Все же ты, как и я, обречен на одиночество… Ну почему, почему я так по-идиотски уверена в этом? Может быть, потому, что так безумно тебя люблю?..»


Каратаев листал страницу за страницей, прочитывая Леночкину жизнь и удивляясь своей куриной слепоте. Перед ним возникали разные люди, происходили удивительные вещи. Разговоры с Натальей, страхи, терзания, встречи с Ефимом, Марком, короткие впечатления от мимолетных знакомств и удивительно тонкие характеристики каждого, о ком пишет Леночка.

Улыбка тронула его губы. Он вспомнил Андрея — как-то раз ему довелось увидеть его. Чуть выше среднего роста, стройный, подвижный. Спокойные серые глаза. Безусловно, в нем чувствуется высокий мужской потенциал. Мог ли Каратаев знать, какие муки причиняют Леночке эти глаза с насмешливой искоркой в глубине зрачков?

Эх, ошибся, старый дурак! Каратаев хлопнул себя по лбу. Прожил такую большую жизнь, а ума и прозорливости так и не набрался. Ведь он, по наивности своей, думал, что это Марк не дает девчонке покоя. Думал, что по Марку, эффектному черноглазому итальянцу с походкой гепарда и взглядом орла, сохнет Леночка. Не его ли затея была со спонсорством? Не с его ли подачи Соловьев подкинул Марку мысль увезти Леночку в круиз? А все, оказывается, так просто! Обычный русский парень, отнюдь не с голливудскими параметрами и рокфеллеровскими замашками…

Каратаев еще раз прочитал ту страницу, где речь шла о Зинаиде. Чувствовал он, что тут есть какой-то подвох. Сердцем чувствовал. Невероятно, чтобы Андрей, который долго не мог подступиться к Леночке, не чувствовал, как безумно она влюблена в него. И потому исключено, что за те считанные дни, связанные с похоронами матери его покойного друга, он мог так внезапно сойтись с незнакомой, чужой ему женщиной. Зачем ему это понадобилось?

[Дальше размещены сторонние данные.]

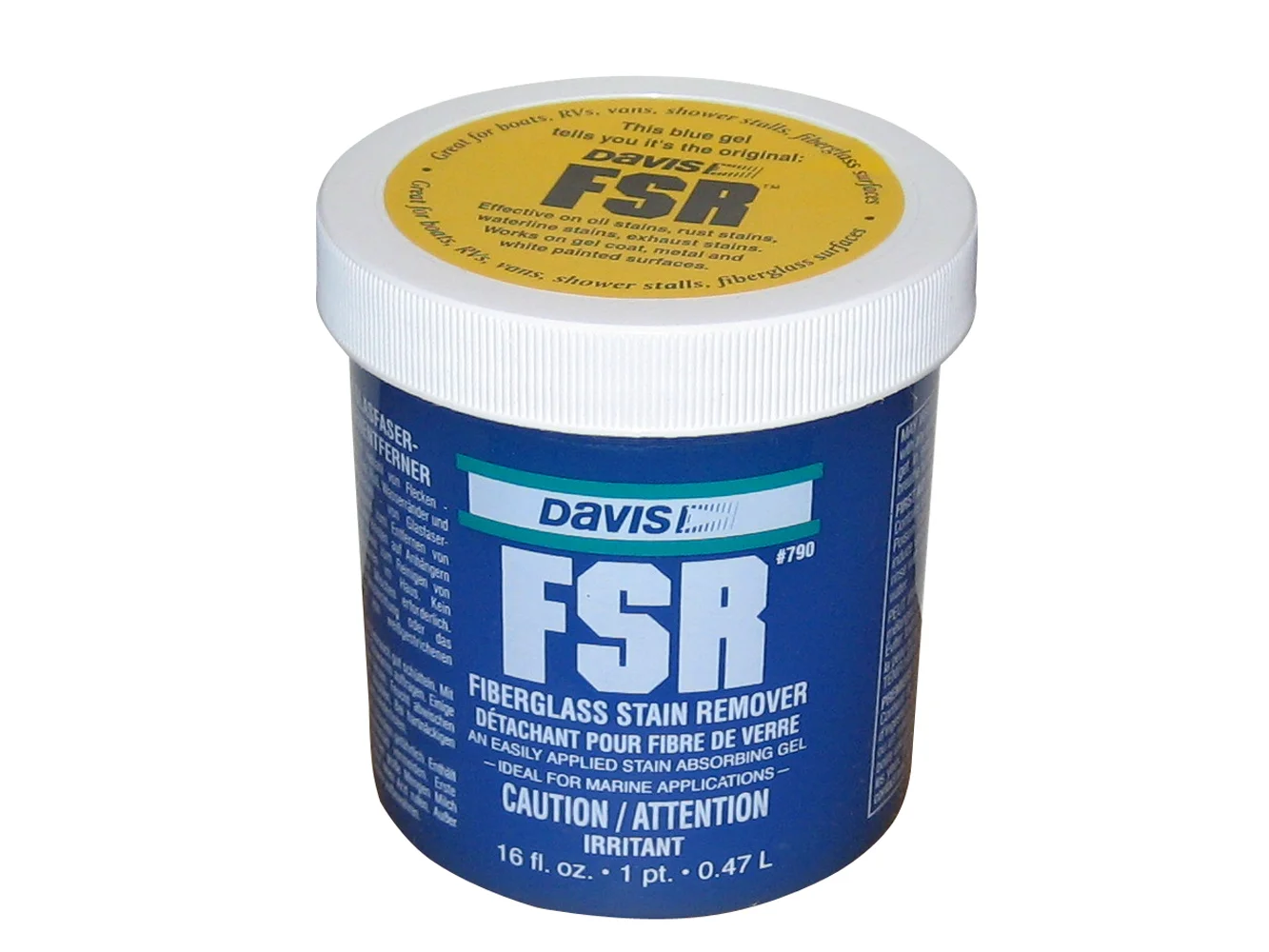 FSR (Fiberglass Stain Remover) is a unique stain absorbing gel that is ideal for removing oil, rust, exhaust, waterline and transom stains. It can also be used anywhere else fiberglass stains may crop up-shower stalls, furniture, etc. Use for removing road soil from trailered boats and recreational vehicles. Its non-abrasive quality means that it’s safe to use on white painted surfaces as well as on gel-coat. Just be sure to test a small area first to be sure FSR will not damage finish. Requires no sanding or compounding. Simply apply with a brush, sponge or cloth. Wait a few minutes and then wipe off or rinse.
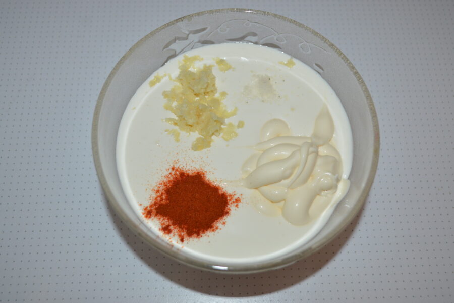 - Para preparar la salsa: en un bol pon la crema agria junto con la mayonesa, el ajo prensado, la sal y el pimentón. Mezcla bien con una cuchara.
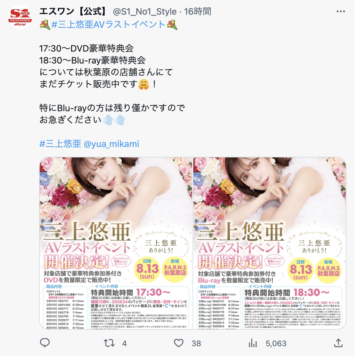 为什么?可能是门票太贵、可能是福利太少太短也有可能是目前三上主力客群的女粉对这样的活动不感兴趣,但不管怎样这样对三上来说绝对是很没面子的事;不过大家也不用高兴(或感慨)得太早,接下来的16日还有一个她自己举办的活动,到时我们就知道三上是真的退烧了还是大家觉得引退见面会CP值太低不值得去改去参加她自办的引退趴踢ー
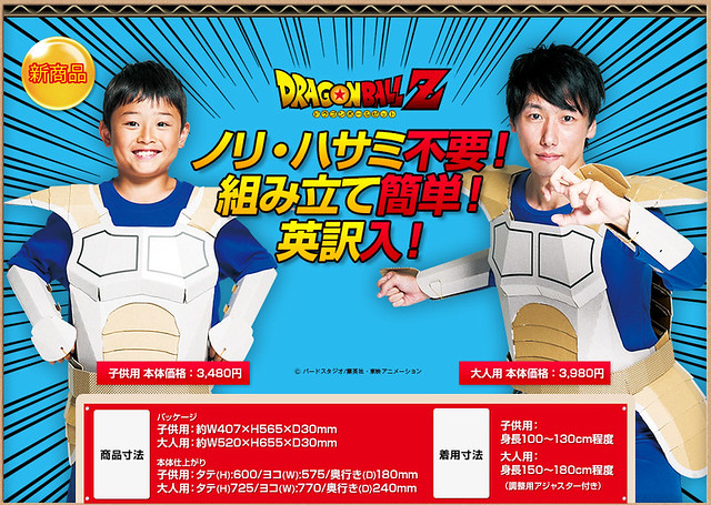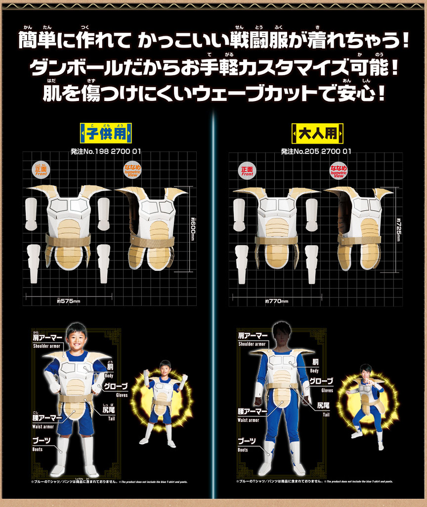 『着れちゃう!ダンボール ドラゴンボールZ 戦闘服編』是以《七龍珠》中的經典道具「戰鬥服」為主題所推出的商品。一共有大人與小孩兩種版型,大人適用於150~180公分,而兒童版適用於100~130公分。 藉由摺紙與卡楯的造形設計,自組的全程中完全不需要剪刀與膠水,就算是小孩子也能夠輕鬆完成!~ 除此之外,紙箱的邊緣還使用了特殊處理,不會刮傷皮膚。
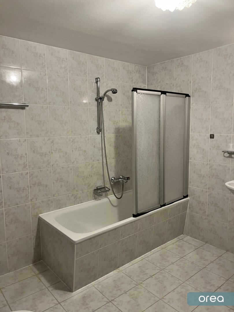 Das Badezimmer ist mit Badewanne und Dusche ausgestattet und bietet angenehmen Komfort im Alltag. Ein Autoparkplatz im Freien ist bereits im Mietangebot inkludiert.
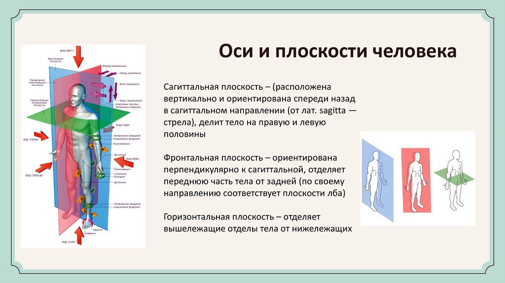 Оси и плоскости человекаСагиттальная плоскость – (расположена
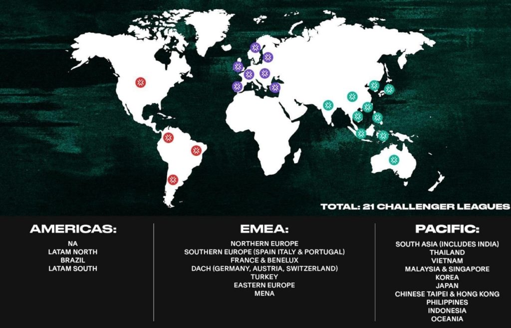 Yirmi bir Challengers ligi dünya çapında gerçekleşecek: dördü Amerika’da, yedisi EMEA’da ve 10’u APAC’de. Ligler aşağıda listelenmiştir:
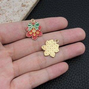 19682-1个红色锌合金滴油kc金圣诞节蝴蝶结雪花22x17mm-1.3g
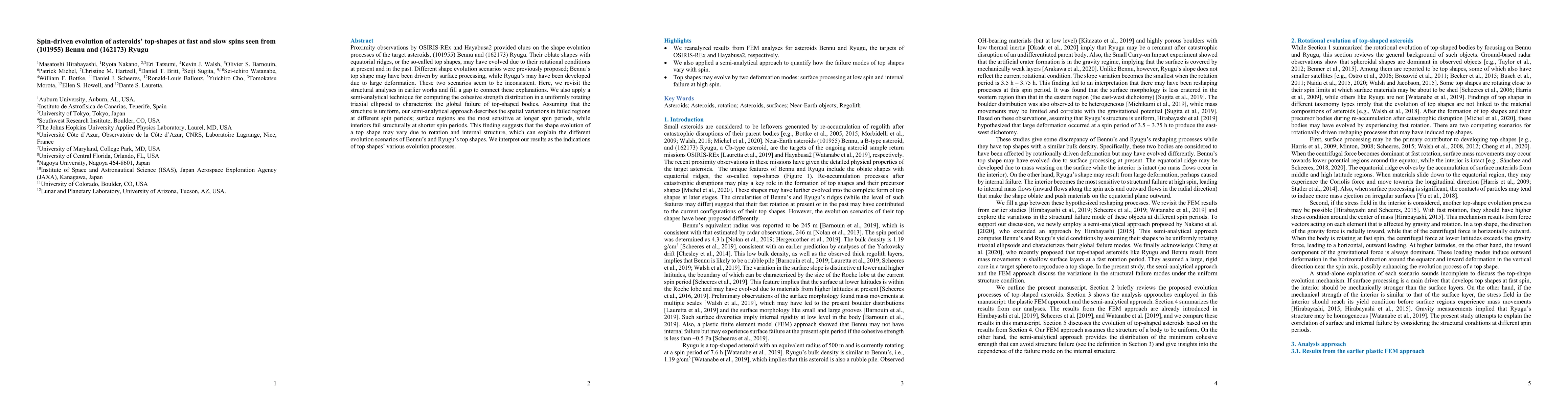 Proximity observations by OSIRIS-REx and Hayabusa2 provided clues on the shape evolution processes of the target asteroids, (101955) Bennu and (162173) Ryugu. Their oblate shapes with equatorial ridges, or the so-called top shapes, may have evolved due to their rotational conditions at present and in the past. Different shape evolution scenarios were previously proposed; Bennu's top shape may have been driven by surface processing, while Ryugu's may have been developed due to large deformation. These two scenarios seem to be inconsistent. Here, we revisit the structural analyses in earlier works and fill a gap to connect these explanations. We also apply a semi-analytical technique for computing the cohesive strength distribution in a uniformly rotating triaxial ellipsoid to characterize the global failure of top-shaped bodies. Assuming that the structure is uniform, our semi-analytical approach describes the spatial variations in failed regions at different spin periods; surface regions are the most sensitive at longer spin periods, while interiors fail structurally at shorter spin periods. This finding suggests that the shape evolution of a top shape may vary due to rotation and internal structure, which can explain the different evolution scenarios of Bennu's and Ryugu's top shapes. We interpret our results as the indications of top shapes' various evolution processes.
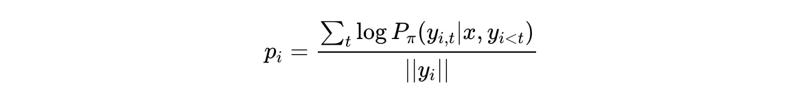 RRHF: Rank Responses to Align Language Models with Human Feedback without tears 논문 [11]에서 제안한 방법으로, 리워드 모델이 매긴 점수와 각 답변의 문장 확률 정보를 기반으로 학습을 진행합니다. 구체적으로는, 각 문맥 별로 kk개의 답변 샘플을 생성합니다. 이 샘플은 사람이 생성할 수도 있고 GPT-4와 ChatGPT와 같은 성능 좋은 LLM 모델 또는 SFT 모델이 생성할 수도 있습니다. 그리고 각 답변에 대해서, 학습하는 생성 모델이 문장의 확률을 다음과 같이 계산합니다.
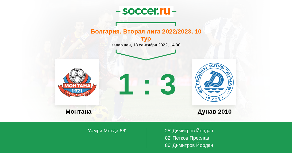 Протокол матча Монтана против Дунав 2010
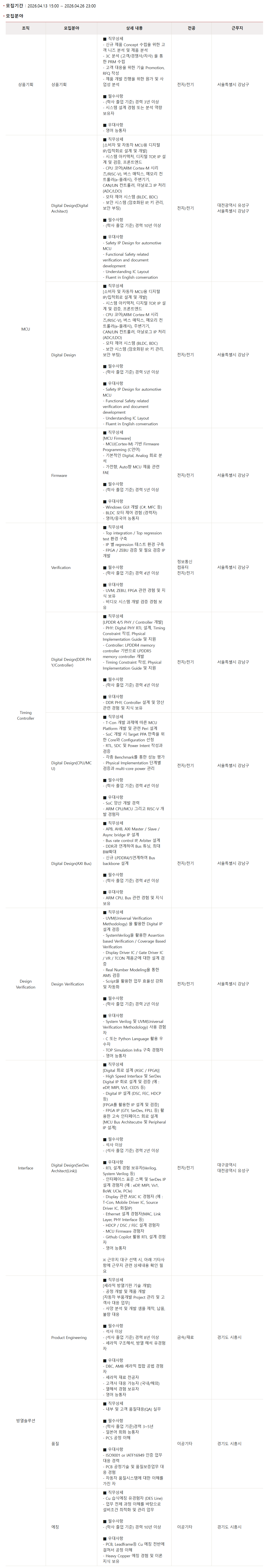 - Display °ü·Ã ASIC IC °æÇèÀÚ (¿¹ : T-Con, Mobile Driver IC, Source Driver IC, ÈÁúIP)

Ну, понятно, Леночка предполагала, что он женат, а он… По всей вероятности, были какие-то причины, побуждавшие его избегать разговоров о женитьбе…

«… И вдруг все изменилось. Я твержу, как заводная, что не люблю тебя, а сама поступаю самым нелепейшим образом. Все это бред про систему «клин клином». Это бред чистой воды. Я не могу позволить Марку, который так нежно за мной ухаживает, прикоснуться к своему телу. Марк… Чем дальше, тем неприятней становится мне его присутствие и ненавистней мысль о браке. Заявление в загсе. Уже конец мая. Через три дня мы поженимся. Господи, Андрюшенька, как только в моем паспорте появится штамп, я сразу же превращусь в сумасшедшую старуху, жизнь которой окончена.

Снова дождь. Холодный, словно осенний. Словно и не будет в природе весны, а сразу после зимы — осень. И листья из молочно-зеленых в один момент превратятся в ржавые пятна — признаки скоротечного умирания!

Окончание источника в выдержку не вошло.